Yesterday I got up early and flew to Melbourne for the inaugural AdaCamp, which was excellent and lots of fun. It’s a feminist unconference with the goal of promoting the participation of women in open tech and culture. The sessions were lively and the women were clever and funny and insightful. Best of all was getting to spend solid time with Skud.

Skud maintains that I am a larval Melburnian. Her argument is cogent. She’d chosen the venue for the conference, Ceres, which is basically Ecotopia and which pushed all my tech-hippie buttons. I want to go to there! Oh wait! I already did.

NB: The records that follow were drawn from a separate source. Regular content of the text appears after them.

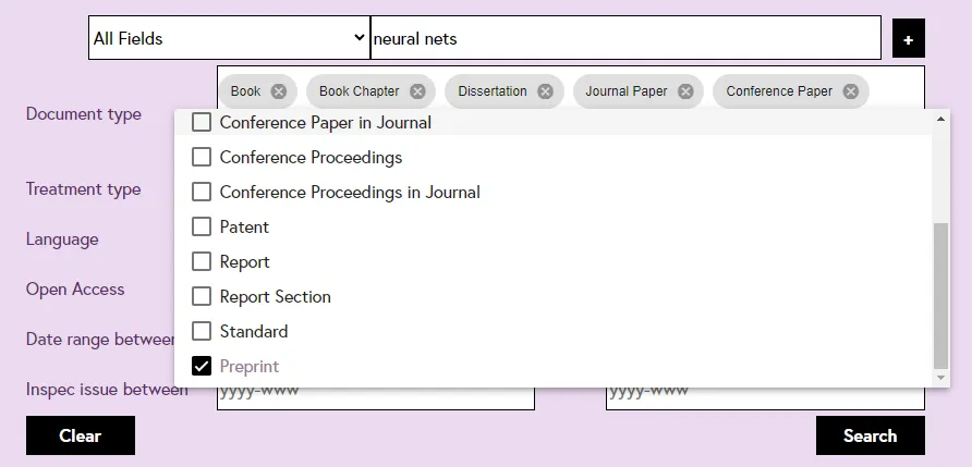 Users will now be able to search for this valuable content more easily by using the Document Type facet or including Preprints in an Advanced Search query. For example, Inspec records from arXiv now appear under the ‘Preprint’ document type.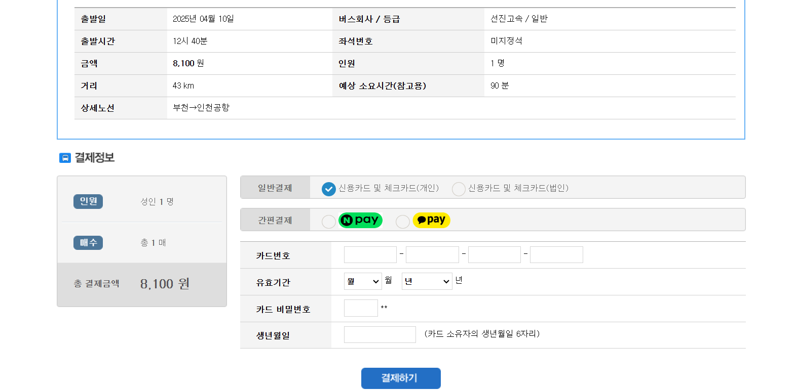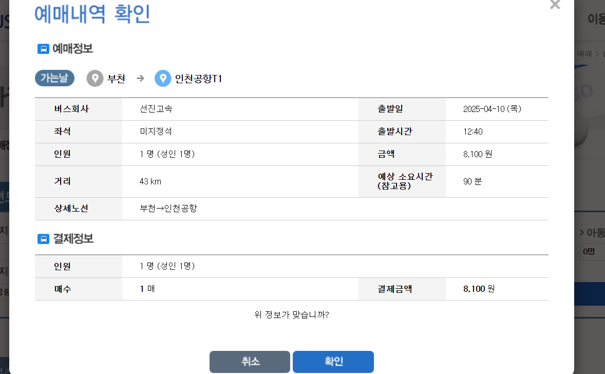 부천 → 인천공항: 버스 정류장에서 신용카드/현금 결제 (사전 예약 불가).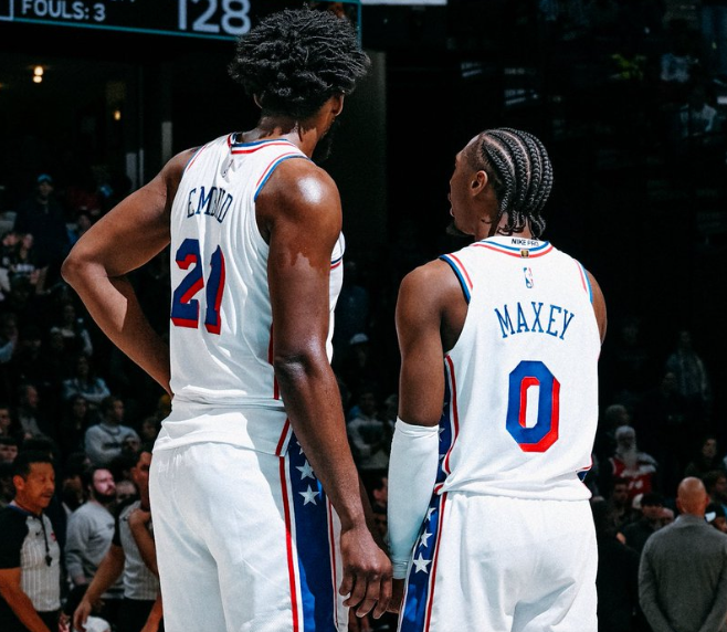 为了能够复仇,恩比德和保罗乔治在此战复出,首发出战的大帝手感滚烫,前两节8投6中,砍下了17分5板3助1断的全面个人数据,有了恩比德在内线的牵制,76人后场双枪马克西和埃奇库姆也获得了更多轻松出手的机会,二人上半场就合力砍下了35分,帮助76人带着29分的巨大优势,回到了中场更衣室。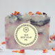 O adesivo apresenta um design moderno e limpo com fontes sofisticadas e ilustrações sutis que complementam a estética do seu empacotamento de sabão.
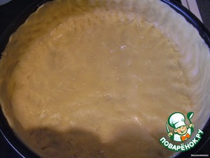 В смазанную форму выложить половину теста, распределив по дну и по краям руками

I flew back to Sydney twelve hours after I flew down. My Kindle was almost out of battery, so I ransacked the terminal’s sadly atrophied bookstore twice before finding, on the bottom shelf, the last copy of Mark Dapin’s new novel, The Spirit House. WIN. It is funnyangry and brilliant and you should all read it.

Today we scattered Ric’s ashes, and I don’t know what to say about that.

oh and i keep forgetting to tell you that

…it turns out half the things I think of as My Personality – my taste in sandals, the way I pile my hair on top of my head in a messy bun – turn out to be so generically Australian it is not even funny.

even brieflier

I drove from Barraba to Nana Glen and back, an 11-hour round trip with a sleepover with Jeremy’s Aunt Brenda and Uncle Richard. We had a rest day, then I drove to Sydney in 8 hours.

New South Wales is very, very large and also unbelievably beautiful. I am more tired than I can say.

spectacular

A thunderstorm boiling up from the west. Ozone smell in the air and rain on the cool breeze. Tea and Christmas cake with Mum and Dad on their screened-in back deck.